THE TASK: Please give back, exactly as written, the lines from the line with "Selamat Kepada Member" to the line with "Хомут электромонтажный STEKKER" in the listing below, leaving out all pictures.

EXTRACTED INFORMATION:
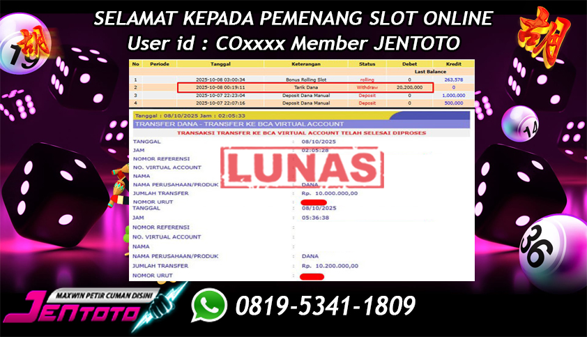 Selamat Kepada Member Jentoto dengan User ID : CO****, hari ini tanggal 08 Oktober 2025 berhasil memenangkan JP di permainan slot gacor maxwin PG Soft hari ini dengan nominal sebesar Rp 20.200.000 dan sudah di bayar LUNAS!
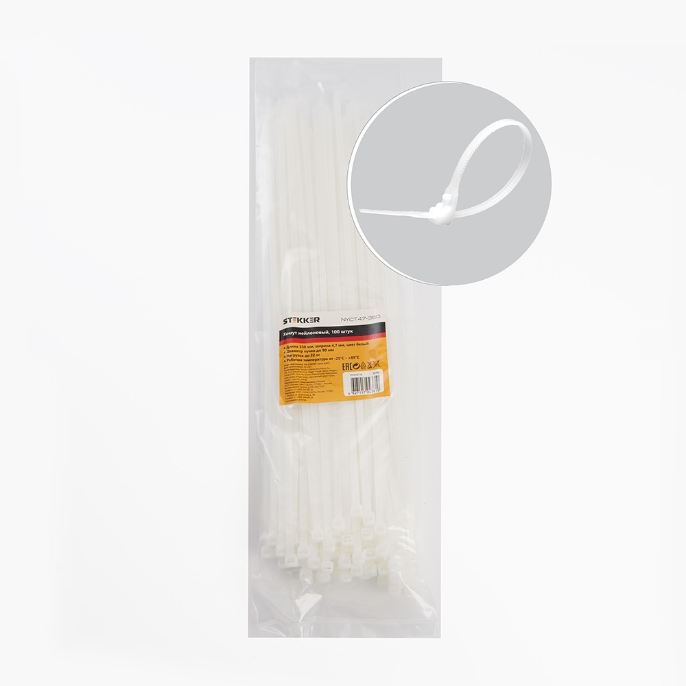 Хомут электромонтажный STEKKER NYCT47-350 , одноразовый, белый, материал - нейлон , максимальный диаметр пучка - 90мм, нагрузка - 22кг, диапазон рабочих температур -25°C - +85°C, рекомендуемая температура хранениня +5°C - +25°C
* * *
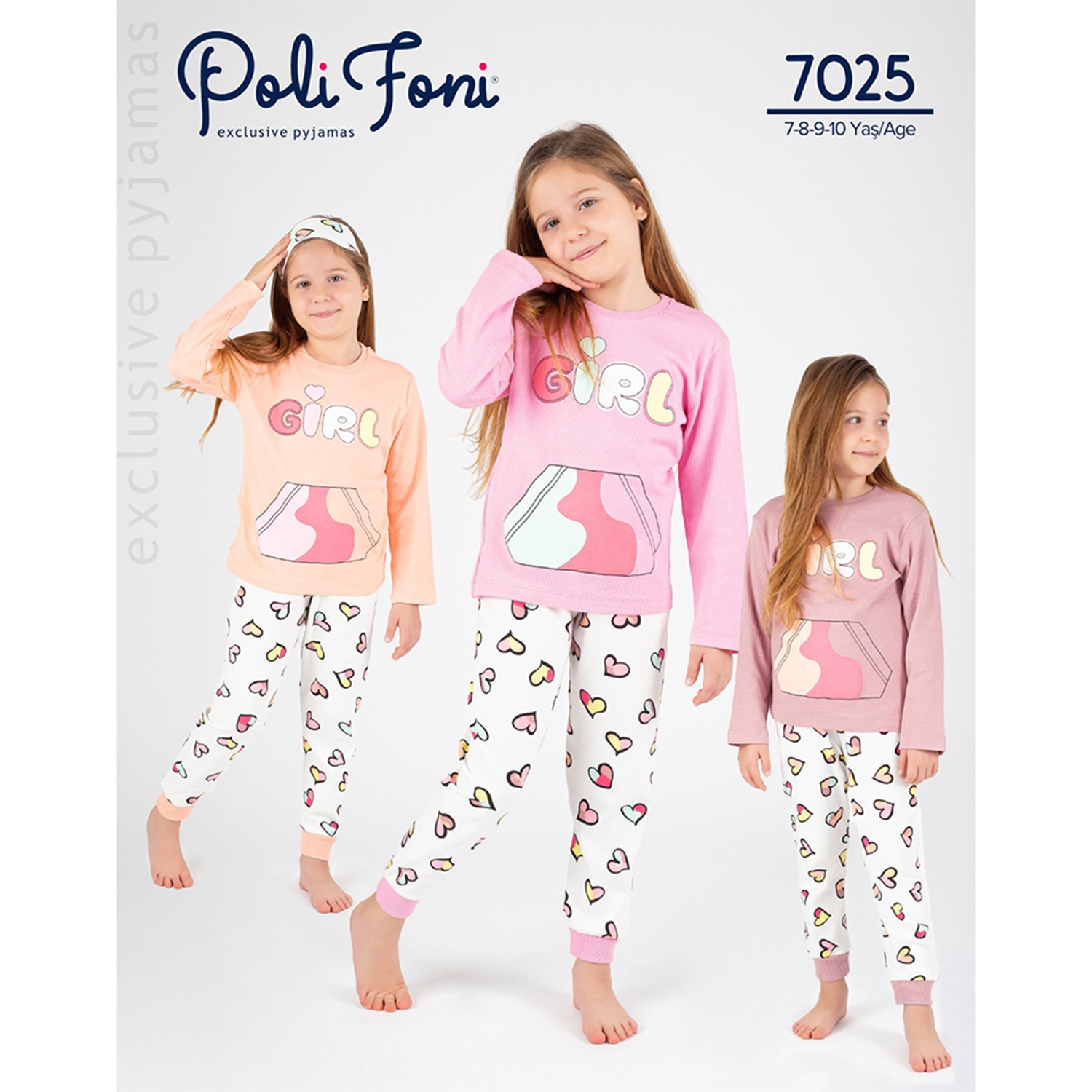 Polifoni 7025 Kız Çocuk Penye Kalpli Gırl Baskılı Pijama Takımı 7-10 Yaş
--
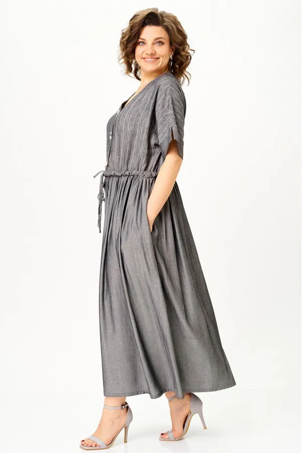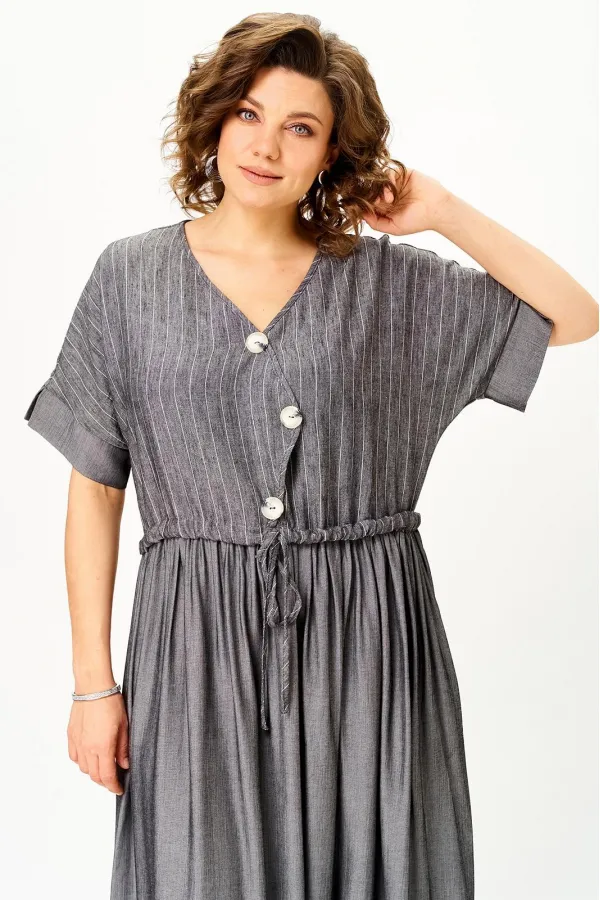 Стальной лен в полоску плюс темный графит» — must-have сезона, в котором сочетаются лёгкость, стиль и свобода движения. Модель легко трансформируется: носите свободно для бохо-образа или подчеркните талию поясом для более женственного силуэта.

RESULT OF THE EXERCISE:
 Selamat Kepada Member Jentoto dengan User ID : CO****, hari ini tanggal 08 Oktober 2025 berhasil memenangkan JP di permainan slot gacor maxwin PG Soft hari ini dengan nominal sebesar Rp 20.200.000 dan sudah di bayar LUNAS!
 Хомут электромонтажный STEKKER NYCT47-350 , одноразовый, белый, материал - нейлон , максимальный диаметр пучка - 90мм, нагрузка - 22кг, диапазон рабочих температур -25°C - +85°C, рекомендуемая температура хранениня +5°C - +25°C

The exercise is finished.